1.   kuiken zn. 'jong hoen'
categorie:
geleed woord, klankwoord
Mnl. kiken 'kuiken' [1240; Bern.], kiekin [1270; VMNW], kuken [1270-90; VMNW], kuyken [1479; MNW-P].
Mnd. küken (en door ontlening nhd. Küchlein 'kuiken'); Oost-Fries (Wangeroogs) sjuuken; oe. cȳcen (ne. chicken 'kip'). West-Germaanse afleiding *kiuk-īna- 'kuiken' met verkleiningsachtervoegsel bij een klanknabootsende wortel *kiuk-, waarbij verder nog de afleidingen Noord-Fries (Mooring) schükling, on. kjúklingr 'kip' (nzw. kyckling, nde. kylling). Minder wrsch. is dat *kiuk- < pgm. *keuk- een ablautende variant is bij pgm. *kukk- (oe. cocc 'haan' (ne. cock), on. kokkr). Deze laatste woorden zijn wrsch. ook klanknabootsend, maar onafhankelijk gevormd.

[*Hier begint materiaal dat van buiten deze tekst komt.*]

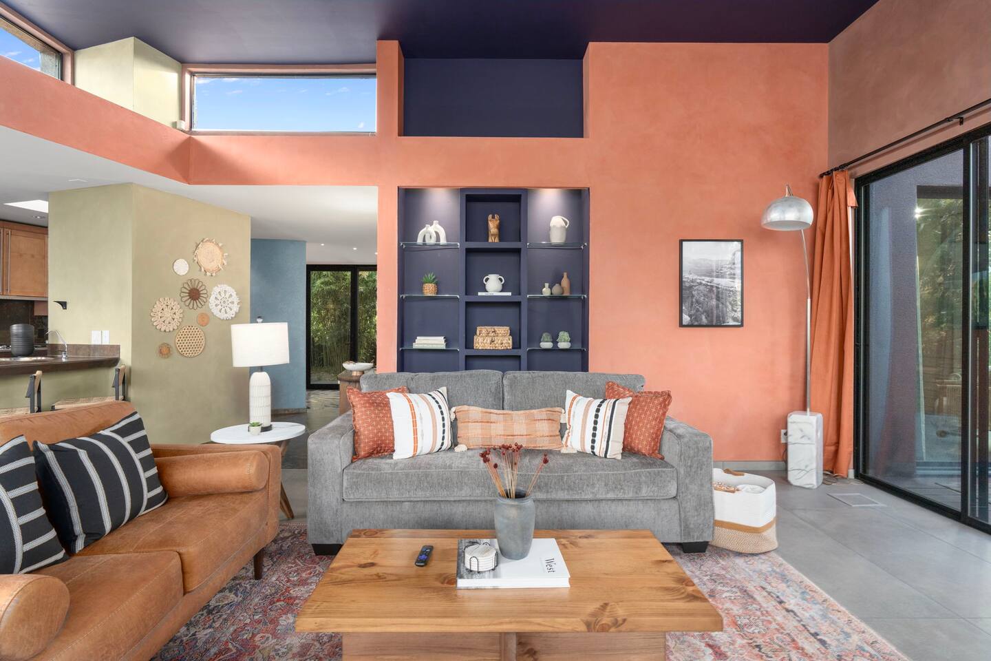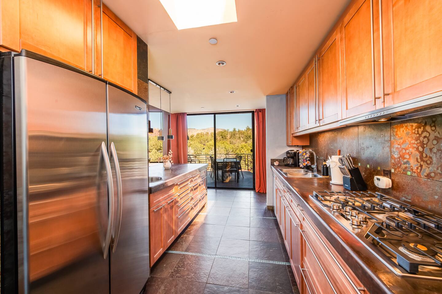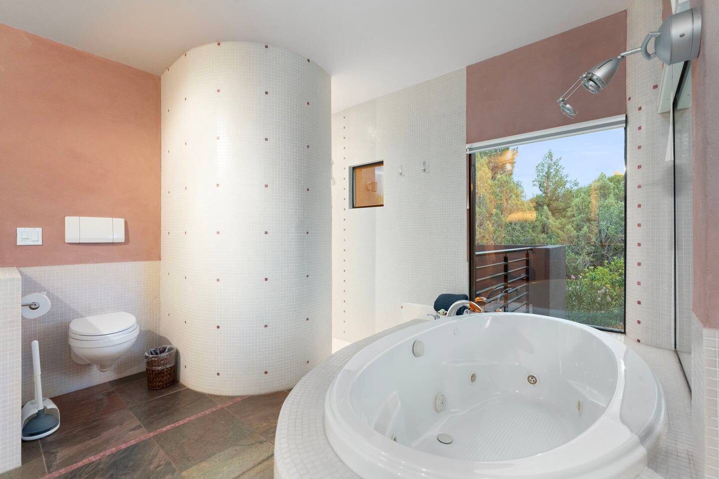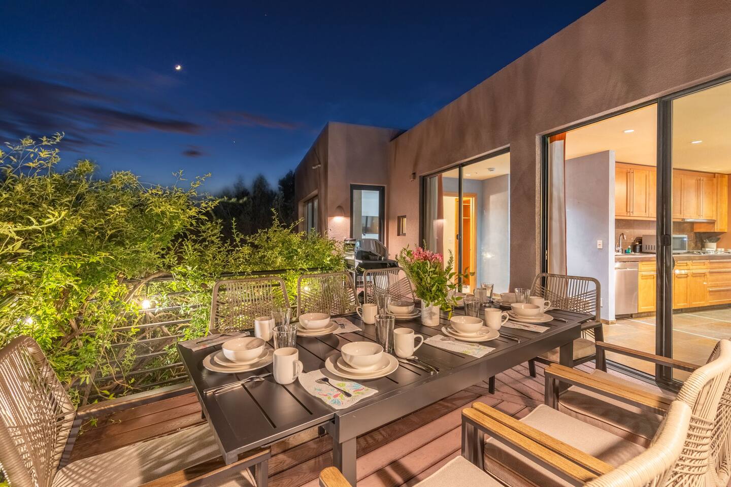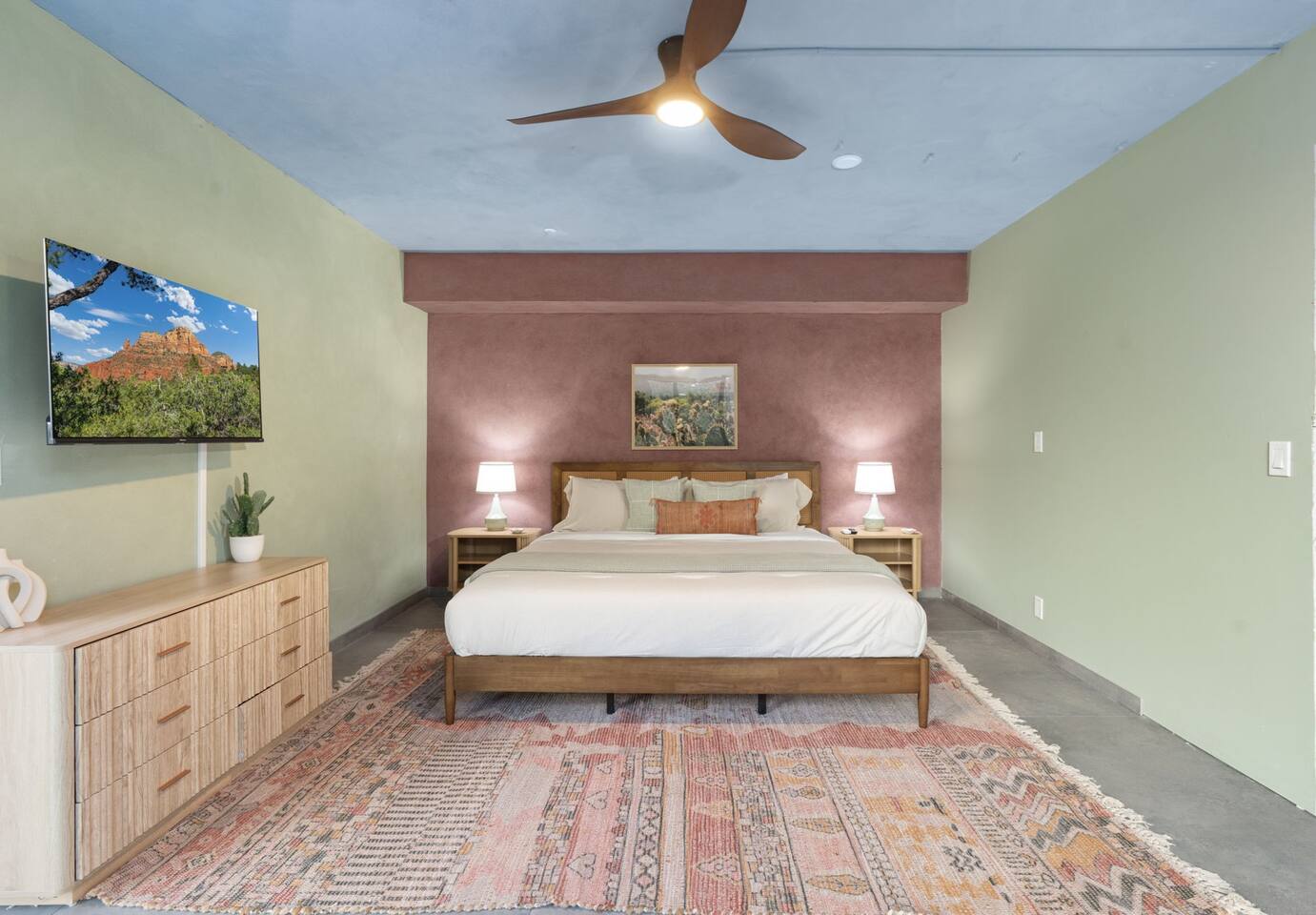 ***EXTERIOR HIGHLIGHTS*** 🏊 Brand New 20'x35' Luxury Heated Saltwater Pool & Spa — Featuring a sun shelf, basketball hoop, and rinse shower! Year round heating available for $100–$150/day – see FAQs for details. Plenty of hardscape area for yoga, meditation, healing, and wellness activities 🌲 Large and private 1-acre wooded lot with a natural desert wash and breathtaking views 🥾 Direct access to a well-maintained trail system right from the backyard ♨️ Authentic cedar cube sauna seats 4-6 🏗️ Pergola and shaded lounge furniture 🔥 2 Cozy gas fire features with Adirondack chairs or soft seating - perfect for desert evenings 🏓 Ping pong table and cornhole. The ping pong tables doubles as a dining table - 12 chairs provided 🍽️ Scenic view deck off the main kitchen with dining for 7 ☕ Private bistro deck off bedroom 2 — ideal for morning coffee or intimate dining for 2 🍽️ Covered patio adjacent to walkout basement with dining for 12 🍖 BBQ grill with complimentary propane 🔌 Stage two EV charger (see FAQs for details) 🌌 Located in a Certified Dark Sky community — ideal for world-class stargazing 🦌 Wildlife: bobcats, jack rabbits, mule deer, owls, javelinas, lizards, and more! ***INTERIOR HIGHLIGHTS*** 🏠 Over 4,000 sq ft of designer-appointed space with stunning floor-to-ceiling windows 🎱 Awesome game room with dual sim racer video game system, pool table, shuffleboard, foosball, and board games! 💺 Massage chair in primary bedroom and heated tile floors in the two ensuite bathrooms 🏋️ Exercise room with swiveling wall-mount bike rack (accommodates 4 large mountain bikes), 3 cushioned yoga mats, exercise ball, bench, dumbells, kettlebells, and a Power Tower 🛋️ Two spacious living rooms with gas fireplaces, smart TVs, and panoramic red rock views 🍽️ Dining for 14 on the main level + 8 more on the lower level — ideal for large groups 🛏️ Uniquely styled bedrooms with memory foam mattresses, smart TVs, and expansive windows 🎮 Bunk room with retro arcade games, smart TV, and reading nook 👨🍳 Fully equipped, chef-ready kitchen on the main level plus a kitchenette with large countertop bar and seating in the basement 🧺 Full laundry with a second dryer for extended stays 🐾 Pets allowed (max of 2 dogs — you must notify host before bringing pets to obtain pre-approval. Please be sure to clean up after your pets. See FAQs for pet details) 🌱 Eco-friendly construction with solar panels, low-VOC materials, and energy-efficient systems ⚡ Fast & Free WiFi MAIN LIVING AREAS: Featuring an open concept with a gas fireplace, full window wall, colorful paint palette, and stunning views of the red rocks, the living room has direct access to two separate decks. The lower level living room also has a fireplace and full glass wall with direct access to the backyard patio and pool area via large sliding glass doors for true indoor/outdoor living. KITCHENS: You'll have everything you need for preparing meals for large groups. In addition to all the standard appliances and kitchen essentials, there's a Keurig with pods provided, blender, filtered water, basic spices, olive oil, dish soap, trash liners, paper towels, dish sponge, cookie sheets, baking dishes, cutting board, mixing bowls, colander, serving bowls/plates, cheese grater, pitcher, wine bottle opener, can opener, pots & pans, measuring cups, spatulas, ladle, whisk, pizza cutter, and more. PRIMARY BEDROOM: This luxurious ensuite bedroom features a king memory foam bed and abundant natural light with a full glass view wall and a massage chair. The bathroom has a custom walk-in mosaic shower with dual shower heads, dual vanities, a huge closet, and a jetted tub. BEDROOM 2: Located on the main level, this bedroom has a king memory foam bed, smart TV, and floor-to-ceiling windows with access to a private deck with seating for 2. The bathroom is accessed through the adjacent hallway. BEDROOM 3: Located on the lower level, this ensuite bedroom features 2 memory foam queen beds and a smart TV with a sliding glass door to access the back yard. The bathroom has double vanities, a tub/shower, and a huge walk-in closet BEDROOM 4: Located on the lower level, this bedroom features a king memory foam bed and floor-to ceiling windows with access to the pool/patio via a sliding glass door. The bathroom has a walk-in shower and is shared with the bedroom 5 (bunk room) and can be isolated from the rest of the home to make a private unit using the keypad lock in the hallway if desired. BEDROOM 5: Located adjacent to bedroom 4 is the bunk room, complete with 2 bunk beds, a smart TV, an arcade console, and a reading nook. PRIVATE BACKYARD OASIS: Recline on the comfortable loungers by the expansive 35’x20’ heated pool complete with basketball hoop, baja lounge shelf, large paver deck with a pergola and gas firepit, a rinse-off shower, and colorful LED night lighting. GAME ROOM: Features a full desert mural on all four walls and the ceiling. There's something for everyone with board games, pool table, shuffleboard, foosball, and sim racing style video games on Xbox like Forza Horizon 5. The sim racing setup includes two cockpits for head-to-head racing. Each cockpit has it's own realistic racing seat, steering wheel, and pedals + noise canceling headphones and a 55" TV so that you can zero in on smokin' the competition! EXERCISE ROOM: You won't have to miss a workout while you're visiting Sedona - just visit the "Desert Gains" gym! Equipment includes an exercise ball, cushioned mats, bench, dumbells, and kettlebells. Use the Power Tower for pull-ups, dips, leg raises, pushups, calf raises, and more. Other things to note: Maintenance personnel performing pest control services, spa maintenance, filter changes, and other light maintenance tasks will occasionally need access to the property. They may show up during normal business hours without notice and will knock and ring the d

De nevenvorm kieken is Noordzee-Germaans, zie lieden. Deze vorm is in Zuid-Nederlandse dialecten nog zeer algemeen, met name in de betekenis 'volwassen hoen', daarnaast ook wel voor 'jong hoen'. In de standaardtaal komt hij alleen nog voor in de samenstelling kiekendief.